Find all the ratings:

> results.1 <- evaluate(plan, method ="UBCF", type ="ratings")
UBCF run fold/sample [model time/prediction time]
     1  [0.01sec/0.395sec] 
     2  [0.011sec/0.223sec] 
     3  [0.01sec/0.227sec] 
     4  [0.011sec/0.247sec] 
     5  [0.01sec/0.221sec] 
     6  [0.009sec/0.213sec] 
     7  [0.013sec/0.247sec] 
     8  [0.009sec/0.401sec] 
     9  [0.011sec/0.242sec] 
     10  [0.009sec/0.243sec] 
> avg(results.1)
        RMSE      MSE      MAE
res 4.559954 20.80655 3.573544
> 

We can further improve the model by changing the parameters:

param=list(normalize="center",method="Pearson",nn=10)

Here we are saying for our user-based model, we need to normalize the data. Sine the scale of the rating is same across the users ( from -10 to +10) we want to only bring the data to a zero mean. Further, we want to use the Pearson coefficient as our distance measure. Finally, we want to use 10 neighbors to get our recommendation.

Also since we have 100 jokes, we can have around 30 jokes in our test.known.

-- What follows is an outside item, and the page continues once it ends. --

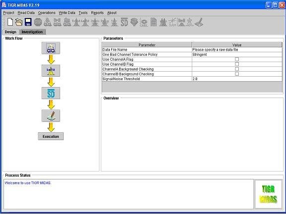 Microarray Data Analysis System, a Java application, provides an intuitive graphical scripting interface to design analysis protocols and perform normalization and filtering to microarray data by a variety of implemented statistical analysis modules.
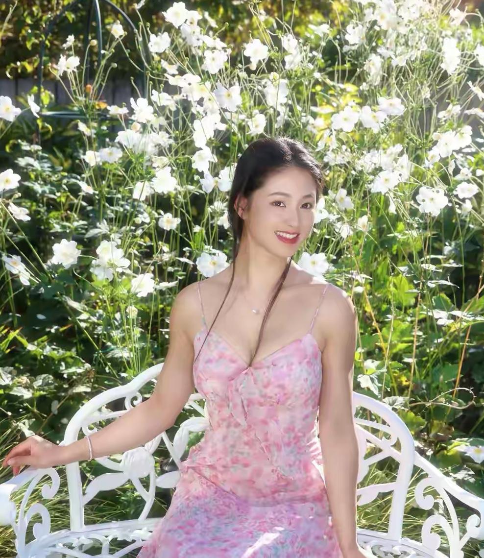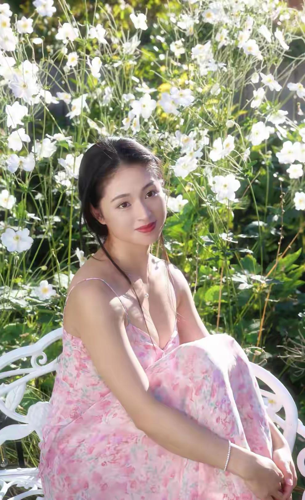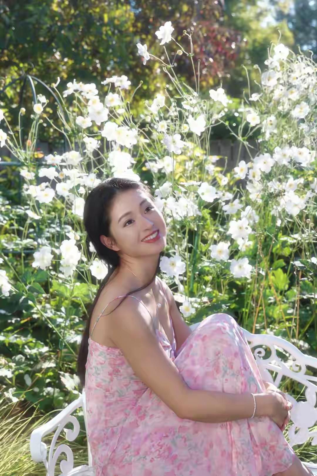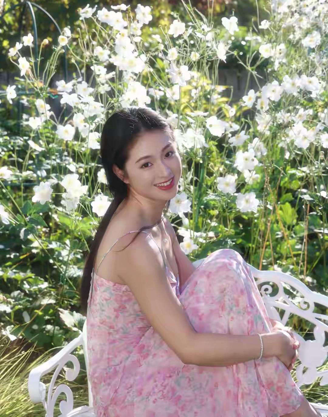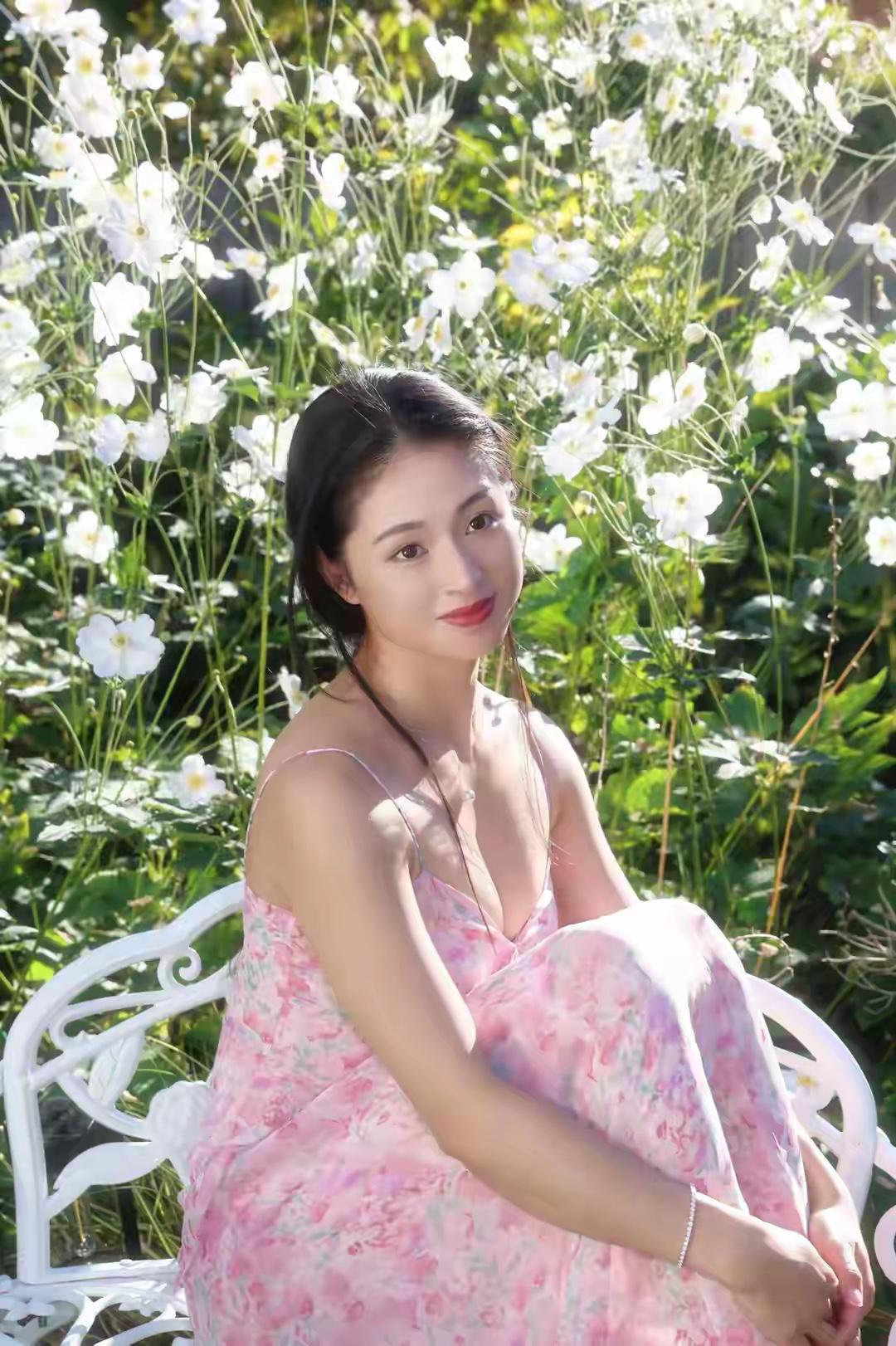 《蝶恋花·花畔佳人》 满苑琼英堆雪素。粉裙佳人,坐对香风沐。 浅笑盈盈眸若玉,吊带轻垂添清淑。 铁艺椅边春景簇。花影随身,恰把温柔筑。 一段晴光谁与共,嫣然如画情难足。 《虞美人·花甸晴光》 白花似雪铺园甸,风动香成霰。 粉裙斜坐小亭西,笑靥映花花也为痴迷。 柔丝漫绾添娇韵,腕上银环嫩。 晴光正好意迟迟,一段清欢谁解此中痴。

Let us make these changes and evaluate our model:

> plan <- evaluationScheme(data, method="cross", train=0.9, given = 30, goodRating=5)
> results.1 <- evaluate(plan, method ="UBCF", param=param, type ="ratings")
UBCF run fold/sample [model time/prediction time]
     1  [0.01sec/0.223sec] 
     2  [0.014sec/0.23sec] 
     3  [0.008sec/0.402sec] 
     4  [0.009sec/0.24sec] 
     5  [0.011sec/0.245sec] 
     6  [0.01sec/0.233sec] 
     7  [0.009sec/0.227sec] 
     8  [0.009sec/0.232sec] 
     9  [0.009sec/0.209sec] 
     10  [0.014sec/0.218sec] 
> avg(results.1)
        RMSE      MSE      MAE
res 4.427301 19.61291 3.503708

We can see that our RMSE has gone down. Similarly, we can make some more changes and tune our model.